*** Block opens ***

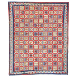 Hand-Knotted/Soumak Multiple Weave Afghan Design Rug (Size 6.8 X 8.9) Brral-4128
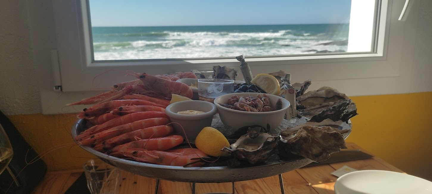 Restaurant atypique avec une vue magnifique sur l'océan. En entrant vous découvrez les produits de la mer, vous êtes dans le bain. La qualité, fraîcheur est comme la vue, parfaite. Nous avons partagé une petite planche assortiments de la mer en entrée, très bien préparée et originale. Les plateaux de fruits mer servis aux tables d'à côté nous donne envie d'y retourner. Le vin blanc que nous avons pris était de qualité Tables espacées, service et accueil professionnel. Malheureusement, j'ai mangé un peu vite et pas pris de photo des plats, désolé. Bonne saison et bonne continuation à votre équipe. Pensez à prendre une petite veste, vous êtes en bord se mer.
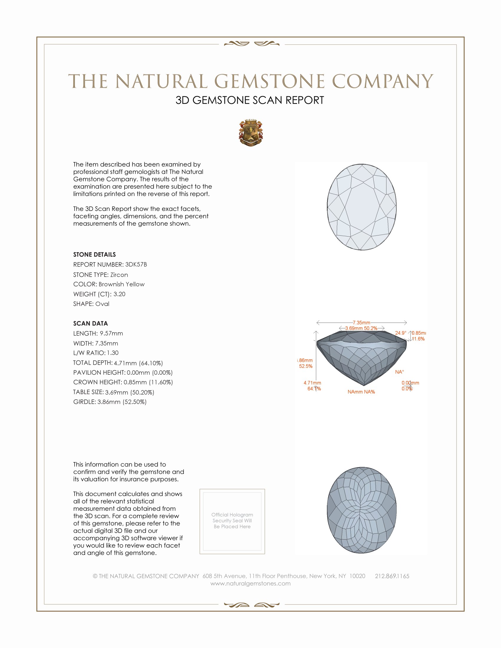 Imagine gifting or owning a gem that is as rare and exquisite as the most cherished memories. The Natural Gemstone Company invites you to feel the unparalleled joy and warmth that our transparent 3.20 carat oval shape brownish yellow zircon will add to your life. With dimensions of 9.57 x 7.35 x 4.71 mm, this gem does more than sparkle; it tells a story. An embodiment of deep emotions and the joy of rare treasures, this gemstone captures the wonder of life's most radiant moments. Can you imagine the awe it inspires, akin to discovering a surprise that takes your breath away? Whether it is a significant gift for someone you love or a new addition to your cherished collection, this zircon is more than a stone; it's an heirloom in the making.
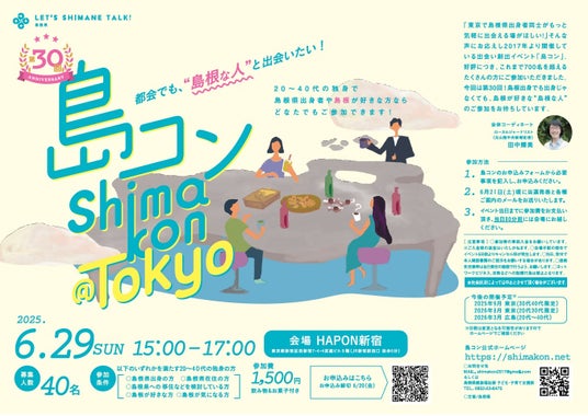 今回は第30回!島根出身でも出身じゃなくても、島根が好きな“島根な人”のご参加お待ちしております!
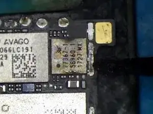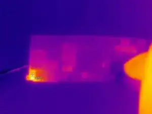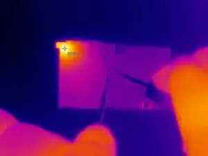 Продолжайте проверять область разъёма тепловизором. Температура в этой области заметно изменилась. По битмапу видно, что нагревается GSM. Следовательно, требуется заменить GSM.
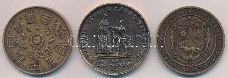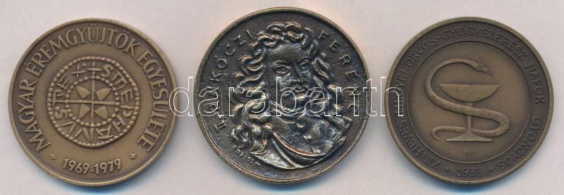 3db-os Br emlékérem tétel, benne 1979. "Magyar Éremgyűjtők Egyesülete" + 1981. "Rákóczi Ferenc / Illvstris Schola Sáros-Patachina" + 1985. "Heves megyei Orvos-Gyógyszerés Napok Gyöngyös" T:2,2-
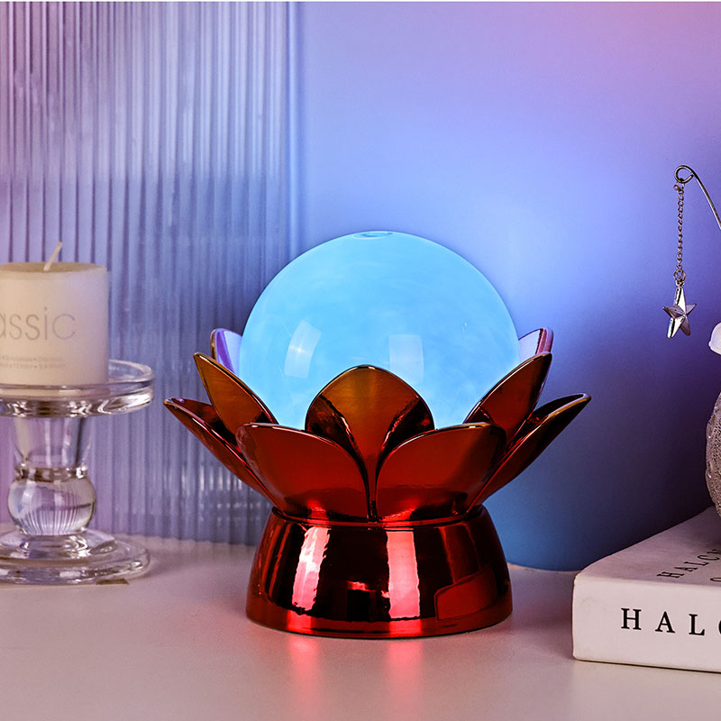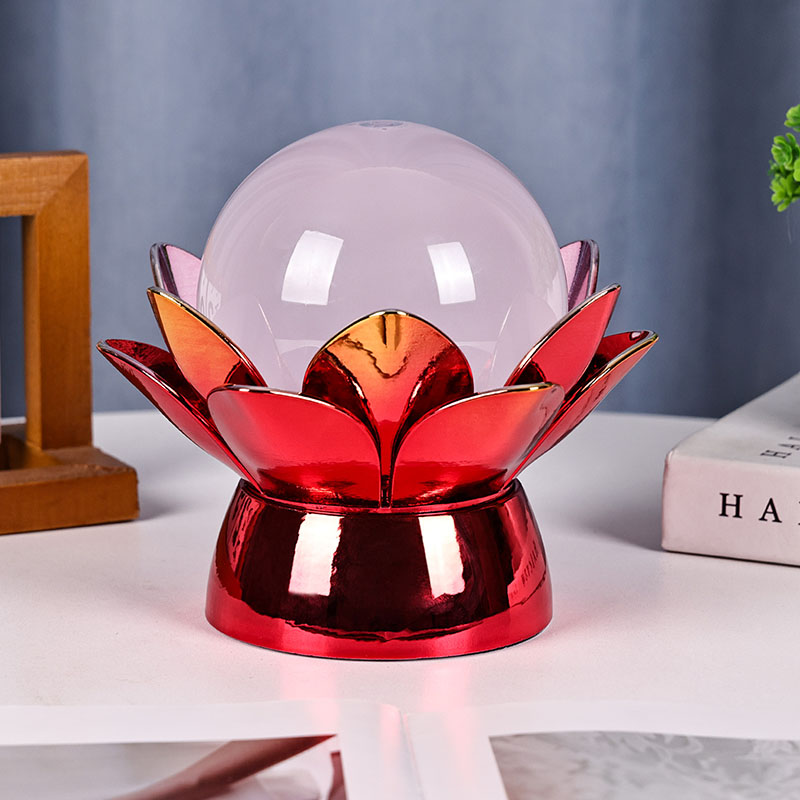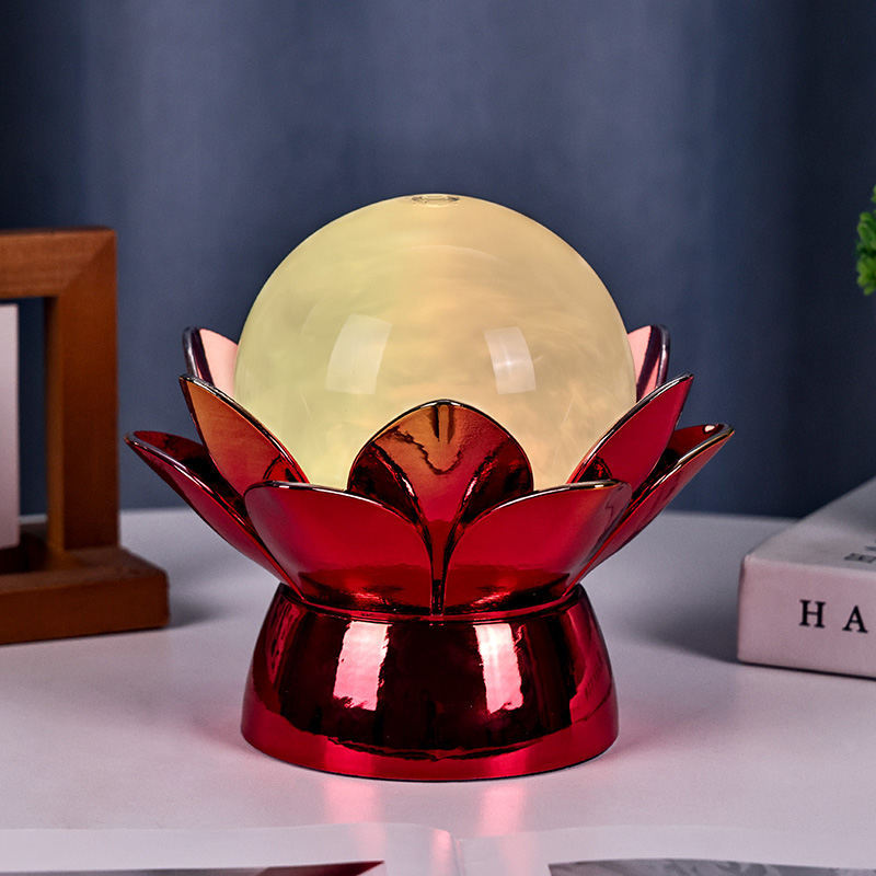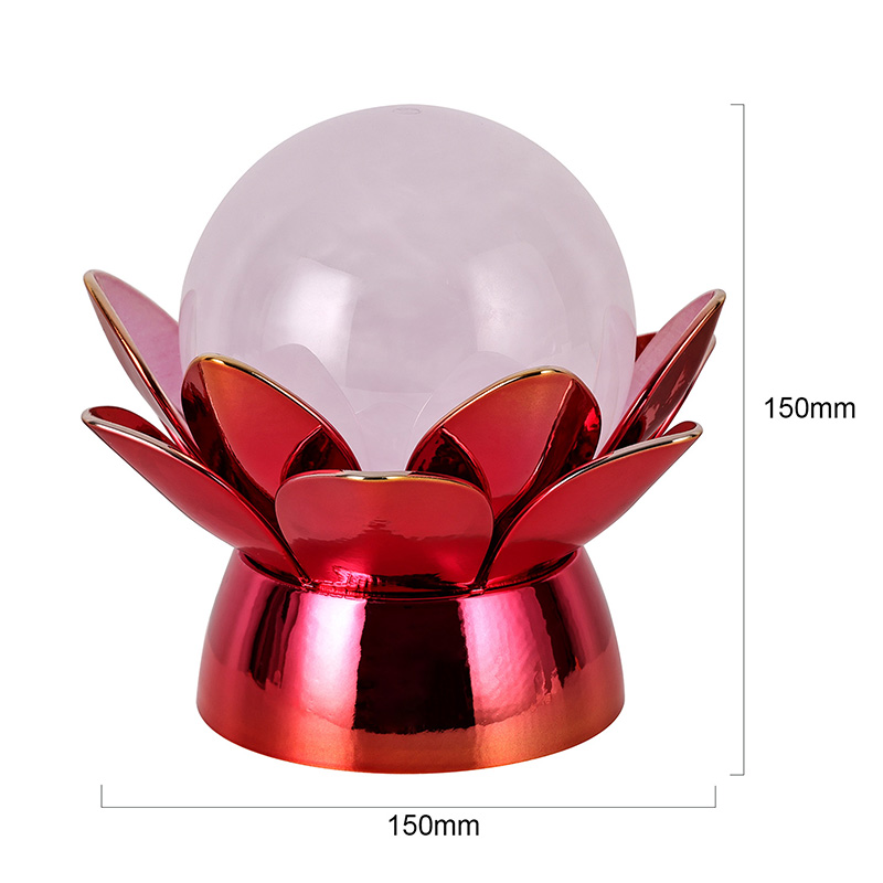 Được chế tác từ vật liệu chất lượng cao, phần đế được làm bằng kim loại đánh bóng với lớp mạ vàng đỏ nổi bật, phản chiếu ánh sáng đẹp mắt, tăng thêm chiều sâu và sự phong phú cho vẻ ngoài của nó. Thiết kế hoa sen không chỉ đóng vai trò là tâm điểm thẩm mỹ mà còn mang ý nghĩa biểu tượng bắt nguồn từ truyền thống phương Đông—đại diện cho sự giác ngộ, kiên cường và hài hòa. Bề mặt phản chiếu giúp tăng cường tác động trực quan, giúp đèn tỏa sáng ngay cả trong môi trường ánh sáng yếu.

*** Block closes ***
*** Block opens ***

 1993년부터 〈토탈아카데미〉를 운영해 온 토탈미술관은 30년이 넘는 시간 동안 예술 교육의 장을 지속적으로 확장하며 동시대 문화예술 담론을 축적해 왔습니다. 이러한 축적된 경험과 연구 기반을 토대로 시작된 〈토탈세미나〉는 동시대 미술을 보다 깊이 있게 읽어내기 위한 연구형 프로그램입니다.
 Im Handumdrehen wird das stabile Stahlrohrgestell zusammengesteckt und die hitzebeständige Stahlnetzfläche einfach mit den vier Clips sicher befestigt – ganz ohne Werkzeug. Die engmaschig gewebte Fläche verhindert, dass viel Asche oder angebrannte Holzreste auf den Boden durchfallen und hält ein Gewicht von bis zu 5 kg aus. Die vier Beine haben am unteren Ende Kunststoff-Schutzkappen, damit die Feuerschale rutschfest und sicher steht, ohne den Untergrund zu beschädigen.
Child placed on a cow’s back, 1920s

*** Block closes ***

TRY IT » Taking the entries above, extract every line from the one bearing "Hand-Knotted/Soumak Multiple Weave" through the one bearing "Продолжайте проверять область", exactly, with no pictures.

TASK SOLUTION »
 Hand-Knotted/Soumak Multiple Weave Afghan Design Rug (Size 6.8 X 8.9) Brral-4128
 Restaurant atypique avec une vue magnifique sur l'océan. En entrant vous découvrez les produits de la mer, vous êtes dans le bain. La qualité, fraîcheur est comme la vue, parfaite. Nous avons partagé une petite planche assortiments de la mer en entrée, très bien préparée et originale. Les plateaux de fruits mer servis aux tables d'à côté nous donne envie d'y retourner. Le vin blanc que nous avons pris était de qualité Tables espacées, service et accueil professionnel. Malheureusement, j'ai mangé un peu vite et pas pris de photo des plats, désolé. Bonne saison et bonne continuation à votre équipe. Pensez à prendre une petite veste, vous êtes en bord se mer.
 Imagine gifting or owning a gem that is as rare and exquisite as the most cherished memories. The Natural Gemstone Company invites you to feel the unparalleled joy and warmth that our transparent 3.20 carat oval shape brownish yellow zircon will add to your life. With dimensions of 9.57 x 7.35 x 4.71 mm, this gem does more than sparkle; it tells a story. An embodiment of deep emotions and the joy of rare treasures, this gemstone captures the wonder of life's most radiant moments. Can you imagine the awe it inspires, akin to discovering a surprise that takes your breath away? Whether it is a significant gift for someone you love or a new addition to your cherished collection, this zircon is more than a stone; it's an heirloom in the making.
 今回は第30回!島根出身でも出身じゃなくても、島根が好きな“島根な人”のご参加お待ちしております!
 Продолжайте проверять область разъёма тепловизором. Температура в этой области заметно изменилась. По битмапу видно, что нагревается GSM. Следовательно, требуется заменить GSM.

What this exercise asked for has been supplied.